[Work required]:
Beginning with the line that has "A 6th-century icon" and ending with the line that has "Official delegates of", retype the entries below exactly, except for the pictures.
►
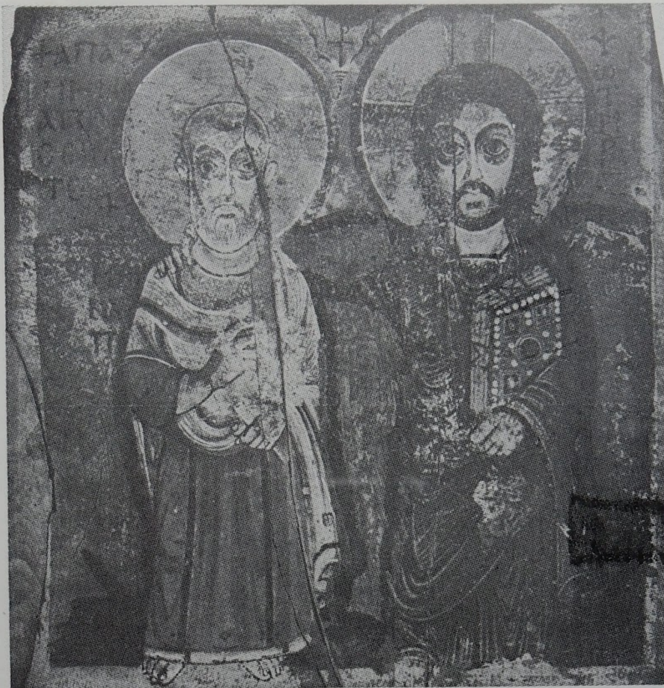
SAINT MENAS STANDING WITH THE SAVIOUR

A 6th-century icon from St. Catherine's Monastery on Mt. Sinai
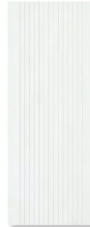
colosseum 1 panel
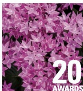
SUNSTAR® Lavender Pentas
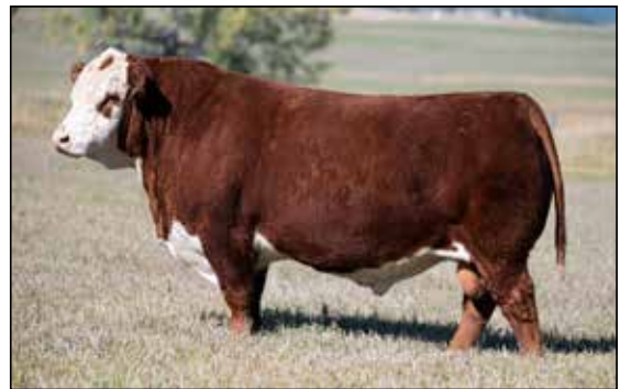
CSC 901 Bolder 701 - MGS to 29N, 30N and 36N
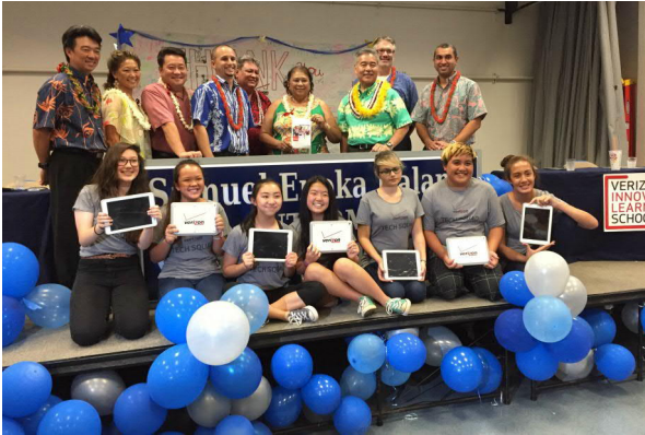
Celebrating Verizon's contributions of tablets to Kalamia Intermediate School.
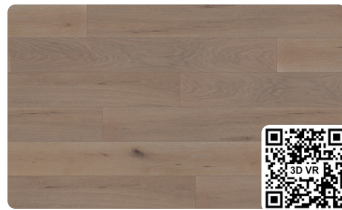
ALMOND OAK GELET142-22
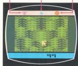
Figure 4—E.T.'s Landing Site
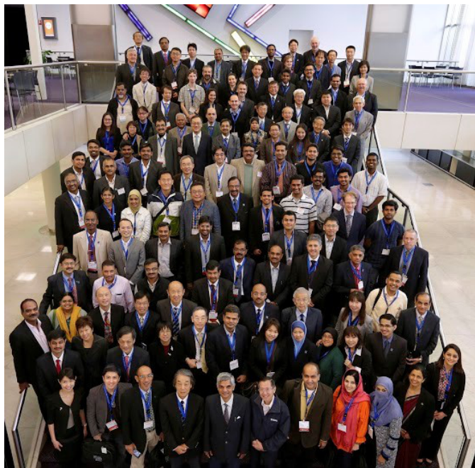
Official delegates of Section Congress (Queensland Section Chair: 4th row, 4th from the left)
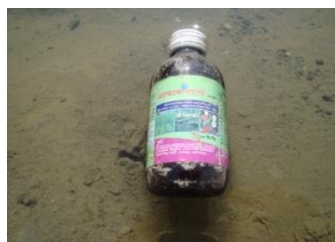
(b) Amconus (Insecticide bottle) which is destroying gher diversity
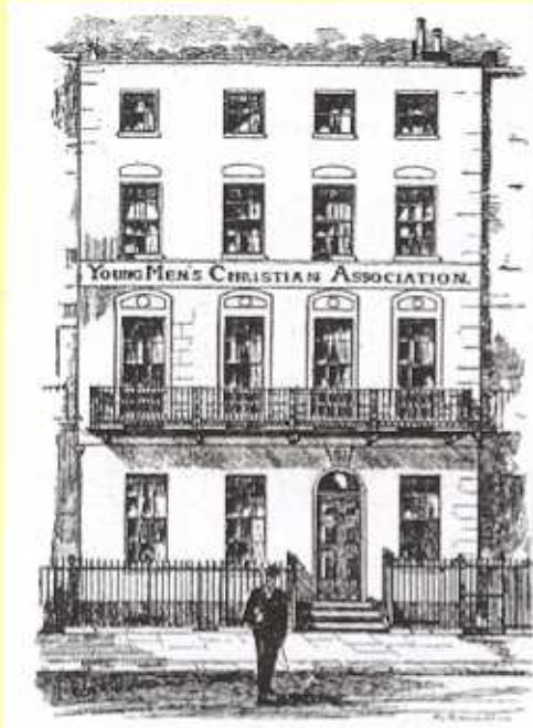
31 Cambray Place, 1898-1921
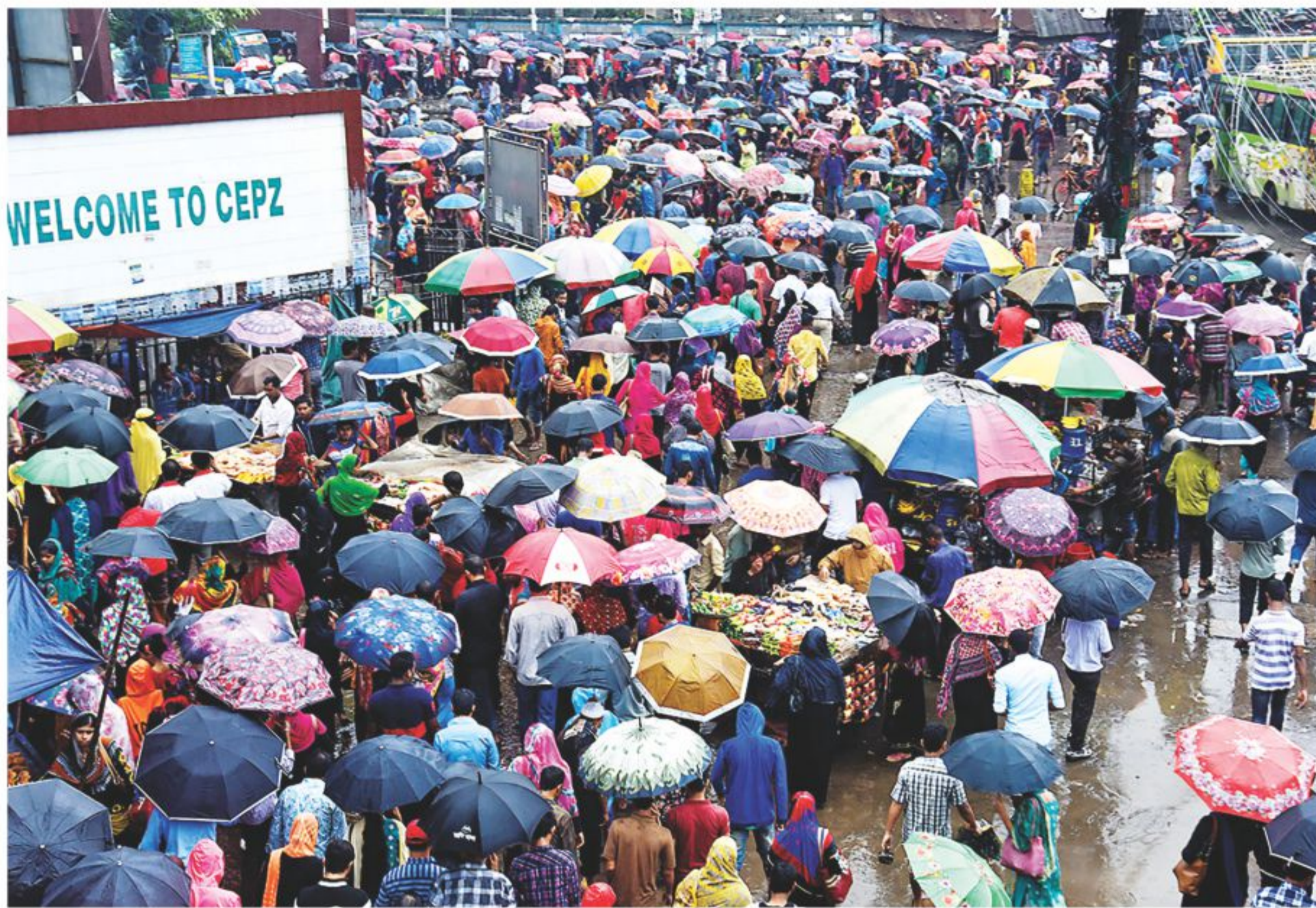
After a couple of days of gloom from a depression in the Bay, residents of the port city woke up to a rainy morning yesterday. In some parts, people slogged through ankle-deep water. The picture was taken at the CEPZ intersection.
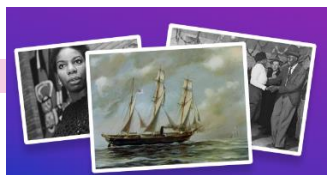
Developing Ensemble Skills
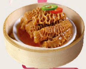
沙爹金錢肚 Steamed Beef Tripe in Satay Sauce £6.10
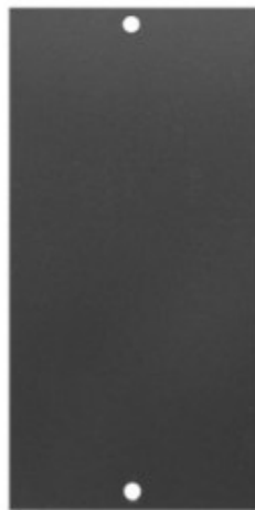
HHC for LEX TYPE LS2 <color> 6" x 3" Hole to hole 5 1/2"
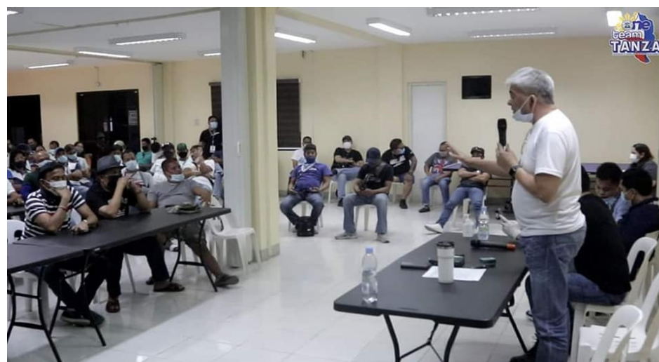
Pulong ng lokal na pamahalaan ng Tanza sa mga kapitan ng 41 barangays kaugnay sa ipatutupad na GCQ sa Sabado.

There were several batches of Bacooreño returnees that had been assisted by the local government since the start of May 2020. (Ruel Francisco, PIA-Cavite with reports from the official FB page of Bacoor Tourism Office)
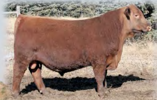
MLK CRK Impressive 1144 #1431572 Mushrush Impressive CA U236 x 5L Blazin Red 1354-6166
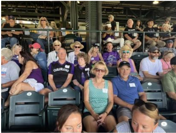
Ready for the game!
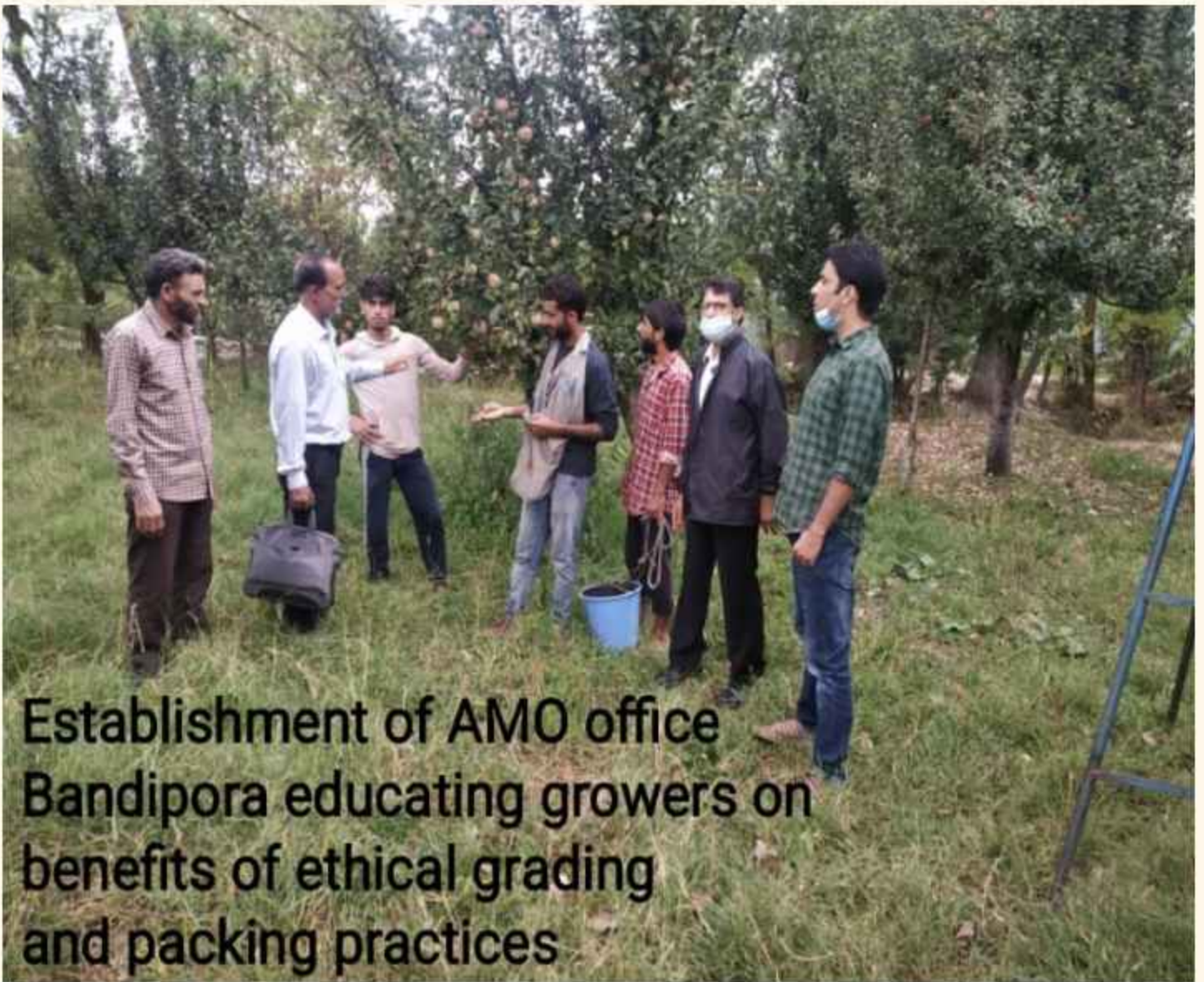
Establishment of AMO office Bandipora educating growers on benefits of ethical grading and packing practices
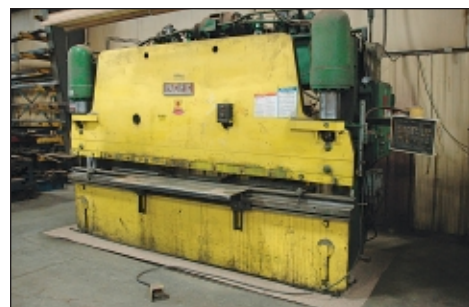
150 Ton X 12 Pacific Model K150-12 CNC Hydraulic Press Brake
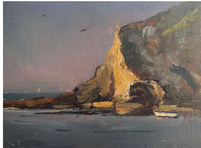
Lulworth Cove Oil on board 6 x 8 inches £750
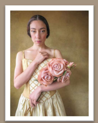
"The girl in the yellow dress"
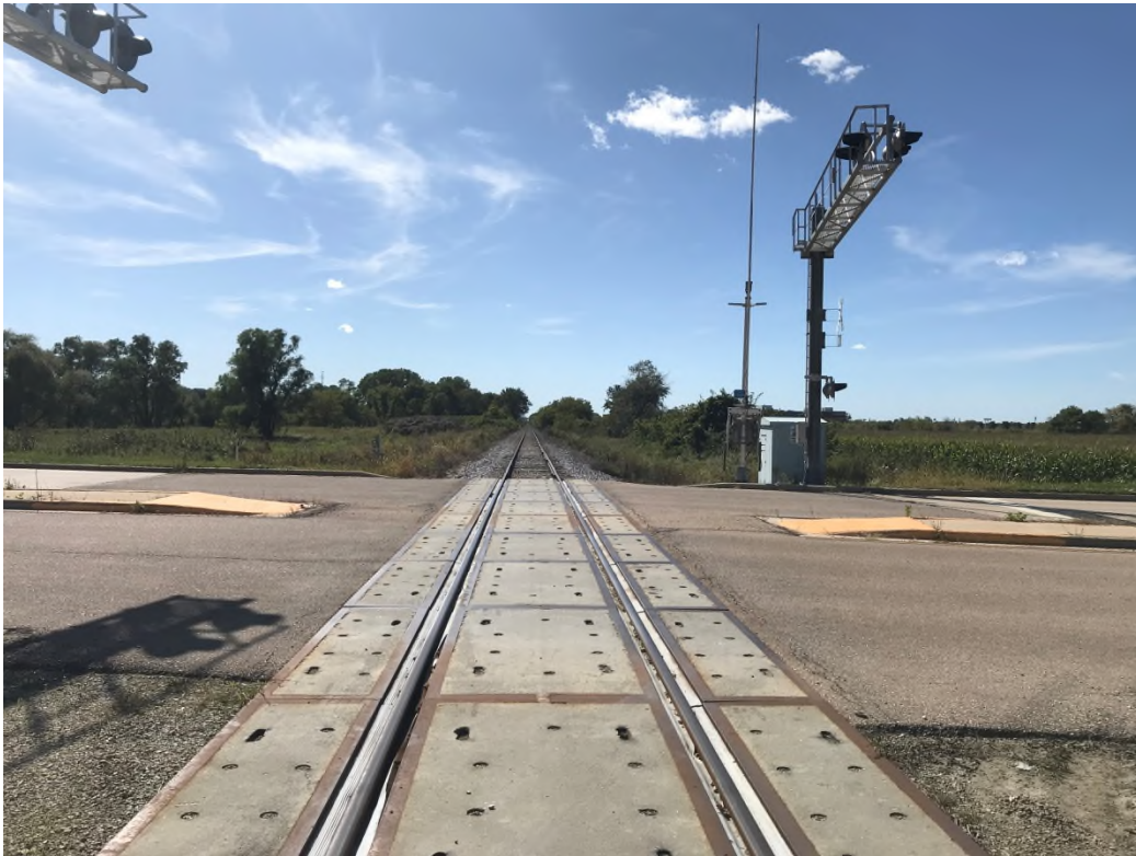
Union Pacific Railroad at Gateway Boulevard looking west. SLATS MPO Rail Study, planned to begin in 2020.
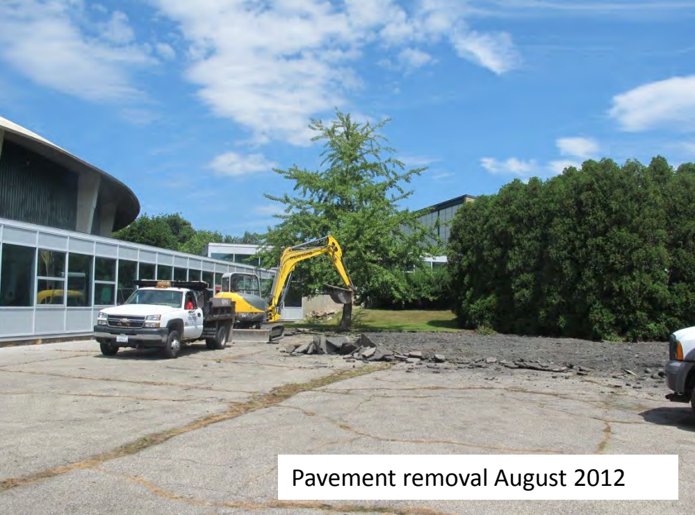
Pavement removal August 2012
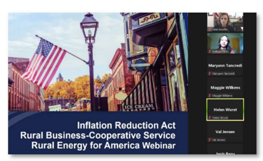
TRC coordinated and participated in a joint virtual presentation with the US Department of Agriculture
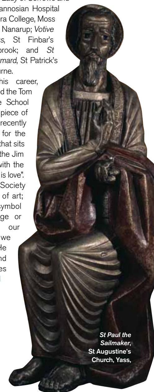
St Paul the Sillmaker, St Augustine's Church, Yass,
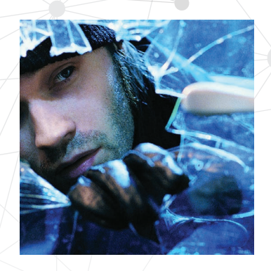
ACE 300 Series laminates provide the best resistance in the industry against burglaries and forced-entry attacks.

The use of Improvised Explosive Devices (IEDs) has become a primary weapon of terrorists in their efforts to generate fear, publicity and political instability.
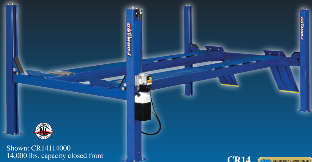
Shown: CR14114000 14,000 lbs. capacity closed front

Shown with optional bolt-on alignment kit and radius gauges
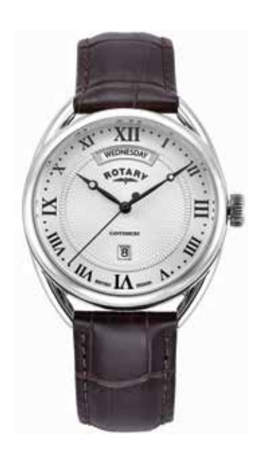
GS05530/21 Ø 38mm
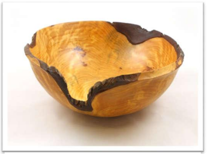
BARRY IRBY, PINE BURL, DEFT LACQUER, 13 X 6
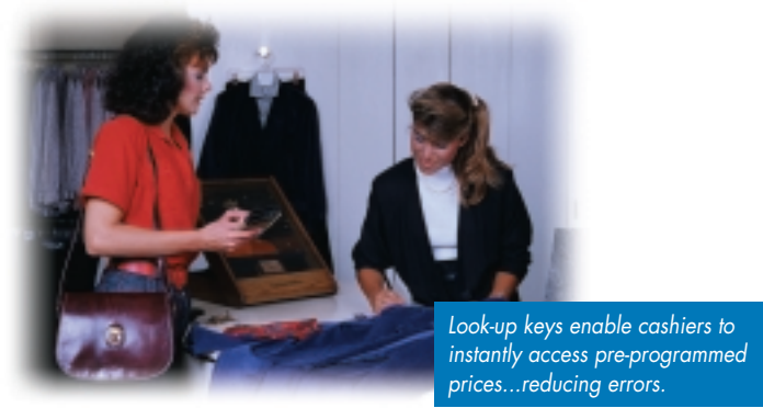
Look-up keys enable cashiers to instantly access pre-programmed prices...reducing errors.
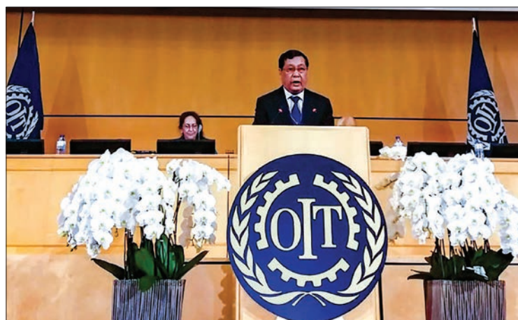
Union Minister for Labour, Immigration and Population U Thein Swe delivers address at a meeting in Geneva, Switzerland.

The country will write its laws from the gender angle, he added. The union minister expressed pleasure at the century-long ILO's efforts to ensure full rights for workers all over the world, and the UN's endeavours for the success of the Sustainable Development Goals. He said the country has adopted gender equality as its goal and accelerated its activities, as the report "The Women at Work Initiative: the Push for Equality," presented by the ILO director-general, is in accordance with the current sit-
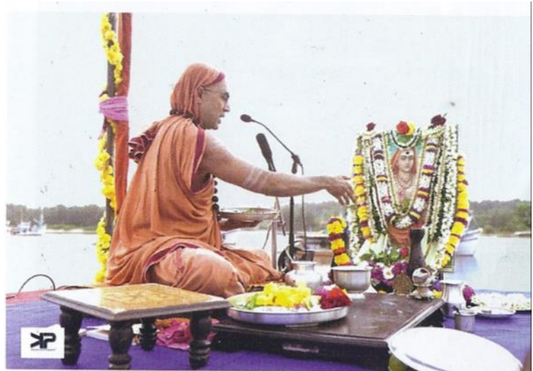
Homage to Âdi Shankarâ during Guru Pujan.
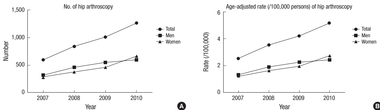
Fig. 1. Total numbers (A) and age-adjusted rates (per 100,000 persons) (B) of hip arthroscopy for men and women.
◄
[Response]:
A 6th-century icon from St. Catherine's Monastery on Mt. Sinai
colosseum 1 panel
SUNSTAR® Lavender Pentas
CSC 901 Bolder 701 - MGS to 29N, 30N and 36N
Celebrating Verizon's contributions of tablets to Kalamia Intermediate School.
ALMOND OAK GELET142-22
Figure 4—E.T.'s Landing Site
Official delegates of Section Congress (Queensland Section Chair: 4th row, 4th from the left)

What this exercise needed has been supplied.